- [WORK INSTRUCTIONS]: Scan the records below. Report the number of lines containing the word "Paris", and nothing more.

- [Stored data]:
=== Begin Enclosure ===
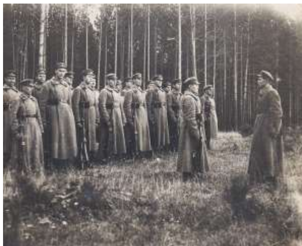
Рисунок 1 – Озвучивание приказа о переходе советско-польской границы в одной из частей Красной Армии на территории БССР. 16 сентября 1939 г.

В 16:00 16 сентября 1939 года в частях Красной Армии Белорусского фронта был зачитан приказ о начале выступления на следующий день 17 сентября в освободительный поход на запад (рис. 1). В приказе особо подчёркивалась освободительная миссия советских войск, которые должны оказать срочную помощь украинским и белорусским рабочим, чтобы спасти их и взять под защиту от врага. Кто этот враг не уточнялось. Советским войскам было запрещено бомбить и обстреливать из пушек населённые пункты. Требовалось проявлять лояльное отношение к польским военнослужащим, если они не будут оказывать вооружённого сопротивления. Белорусским фронтом командовал командарм 2-го ранга М. Ковалёв. Начальником штаба являлся бывший глава советской военной миссии в Берлине комкор М. Пуркаев. Фронт состоял из 4 армий – 3-й, 4-й, 10-й и 11-й, 23-го стрелкового корпуса и Дзержинской конно-механизированной группы; всего насчитывалось 200 802 бойца и командира [43, Л. 8].
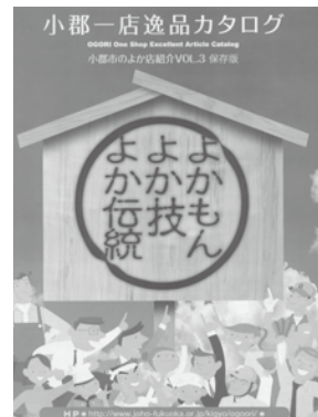
全家庭に配布されたカタログ
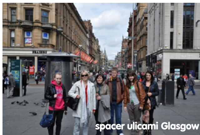
spacer ulicami Glasgow

Kolejne dni przyniosły wycieczki do Edynburga, Ayrshire i Glasgow. W stolicy Szkocji
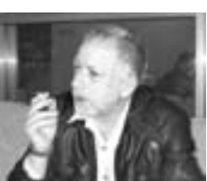
В кадр любой ценой. Если говорить обо мне, то мое появление в "телевинооре" зависит от слухов и необходимости. Телевидение – это сублимация нерализованного творческого потенциала, возможность творить, возможность делать то, что быстро превращается в результат. Это болезнь, без этого я себя уже не мыслю. Но это не возникает на пустом месте. Я с 12 лет серьезно занимаюсь фотографией, в 14 снимал любительские фильмы на 8-миллиметровую кинокамеру и сам монтировал их на монтажном столе...

Линю у меня симпатично всегда вызывает те, для кого главное не выйти в кадр, а ответить на вопрос: "Зачем я это делаю?" К сожалению, таких людей на порядок меньше, чем желающих быть
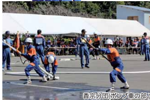
香宗分団(ポンプ車の部)
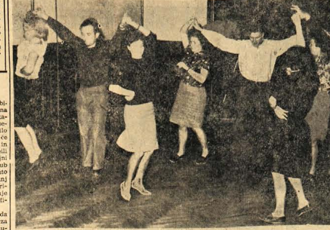
Folklorna skupina Jeseniške »Svobode« ima v zadnjem času zelo pogoste vaje. Mladi plesavci-amaterji se pripravljajo na številne prireditve, ki jih bodo imeli v okviru praznovanja ob dnevu republike, razen tega pa so sedaj v dogovoru tudi za morebitno gostovanje v Franciji

V nedeljo, 11. novembra, je bila v Skofji Loki letna skupščina ZROP škofjeloške občine, na kateri so kritično pregledali dosedanje delo in ugotovili, da bi bilo delo te organizacije še boljše, če bi pri delu sodelovali vsi člani in ne samo nekateri in če bi bili krajevni odbori bolj samostojni pri svojih prizadevanjih. Kljub temu je ZROP priredilo vrsto uspešnih predavanj, tekmovanj itd., jeseni pa so si ogledali prikaz napada na Turjak. Združenje zajema danes vse rezervne oficirje in podoficirje v občini. Na skupščini so poudarili, da bo treba v prihodnje program za delo bolje pripraviti in prestrukturirati, prilagoditi pa bo treba k delu tudi več mlajših ljudi. Ob koncu so izvolili novo 17-člansko uredništvo ZROP. — J. K.
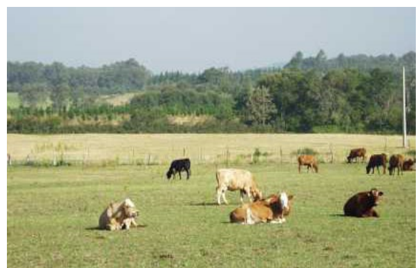
Figura 2. Cría de bovinos en sistema de producción extensivo.
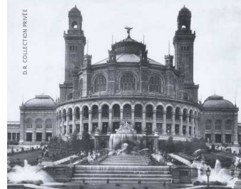
Paris. Le Palais du Trocadero.

En quittant Boulogne-sur-Mer, sa ville natale, en 1871, pour aller tenir le grand orgue de la Trinité à Paris 1 , Alexandre Guilmant 2 pouvait-il se douter de l'extraordinaire développement qu'allait connaître sa carrière artistique ?
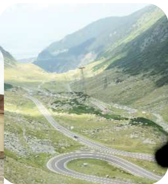
Oppe i 2000 m i Sydcarpaterne
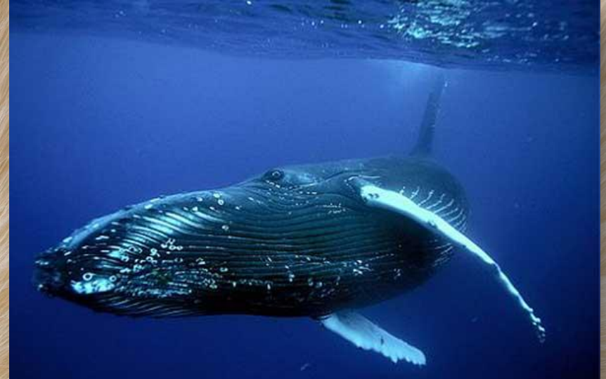
Синий кит Размер – 33 м, масса – 150 т
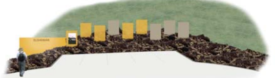
Sýningarveggir / Vindbrjótur
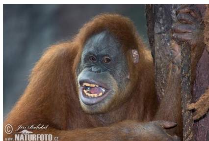
圖一、蘇門達臘猩猩 (註二)

主要吃生果、樹枝、樹皮、豐富的礦物質的土壤及鳥蛋，會吃昆蟲但是很少數，婆羅洲猩猩在地上的時間相對與蘇門達臘猩猩久，因為它們不須躲避在地上的大型獵食者，兩種類猩猩生活方式差異與特性比較參閱(表一)
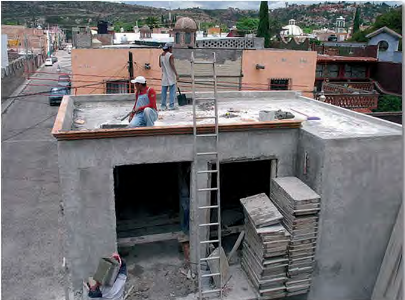
La caracterización de barrios pobres y desfavorecidos permanece incluso en los casos de realojo o mejoramiento de las viviendas en su calidad, dado que la población no tiene los mismos problemas sociales y económicos.

Salvo que se produzcan renovaciones de la parcelación y/o la edificación, los barrios tienen unas posibilidades limitadas de transformación de sus viviendas y por lo tanto tendrán una distinta capacidad para soportar la ocupación por otros grupos sociales a lo largo del tiempo. En general, los barrios con viviendas de peor
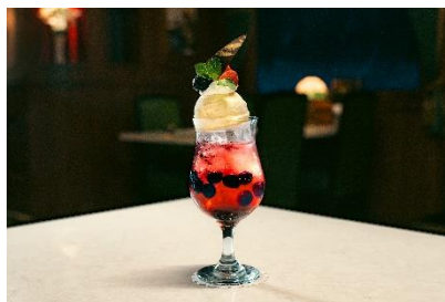
スペシャルドリンク
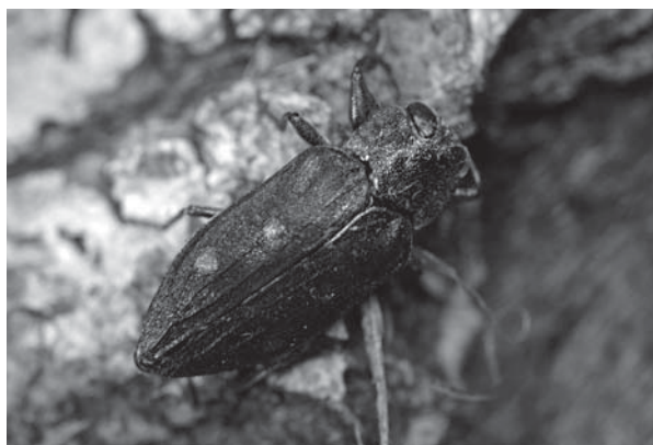
Chrysobothris affinis - Taille réelle : 13 mm - Fred Chevaillot

Largement répandu dans la plus grande partie de l'Europe, ce bupreste est considéré comme polyphage sur un grand nombre de feuillus (les autres espèces françaises du genre sont liées aux conifères). Les auteurs citent les principales essences fruitières, dont le Pommier, mais pas le Noisetier. L'adulte est donné comme visible d'avril à septembre.
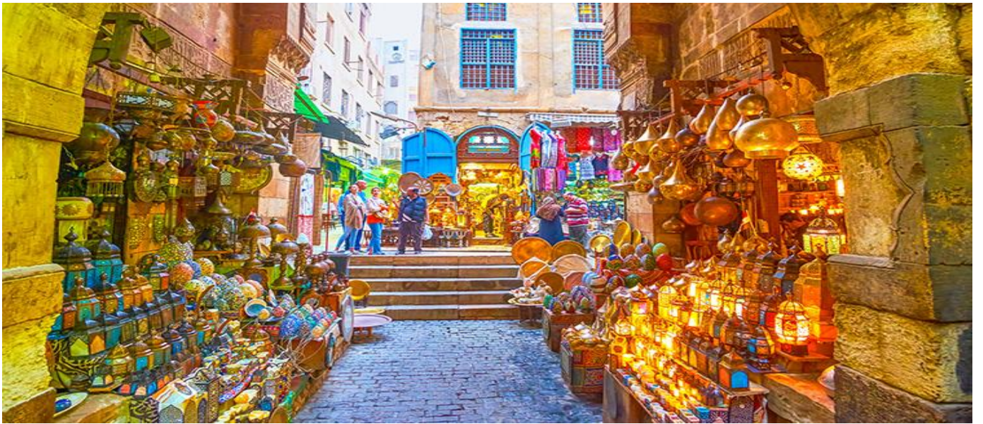
คำ บริหารอาหารเย็น ณ ภัตตาคารท้องถิ่น ถึงเวลาอันสมควรนำท่านขึ้นรถบัสปรับอากาศออกเดินทางสู่สนามบินไคโร

จากนั้นนำท่านเดินทางสู่ ตลาดข่านเอลคาลิลี (KHAN EL KHALILI) ตลาดข่าน เอล คาลิลี (KHAN EL KHALILI BAZAAR ) ประเทศอียิปต์ เป็นตลาดสไตล์อาหรับโบราณ อายุกว่า 600 ปี ถูกสร้างขึ้นครั้งแรกในช่วงปลายศตวรรษที่ 14 (ค.ศ. 1382-1389) โดย Jaharkas al-Khalili เดิมทีพื้นที่ตรงนี้เป็นสุสานของราชวงศ์ฟาติมิด ต่อมาได้มีการเคลื่อนย้ายกระดูกและสร้างอาคารพาณิชย์ขึ้น ตลาดขายของพื้นเมืองและสินค้าที่ระลึกที่ใหญ่ที่สุดในกรุง ไคโร ท่านสามารถเลือกซื้อของพื้นเมืองสวยๆ มากมาย ไม่ว่าจะเป็นขวดน้ำหอมที่ทำด้วยมือ สินค้าต่างๆ เครื่องทองรูปพรรณ และเพชรพลอย ลวดลายแบบอาหรับ พรหม และของที่ระลึกพื้นเมืองต่างๆ
=== End Enclosure ===
- [COMPLETED TASK]: 2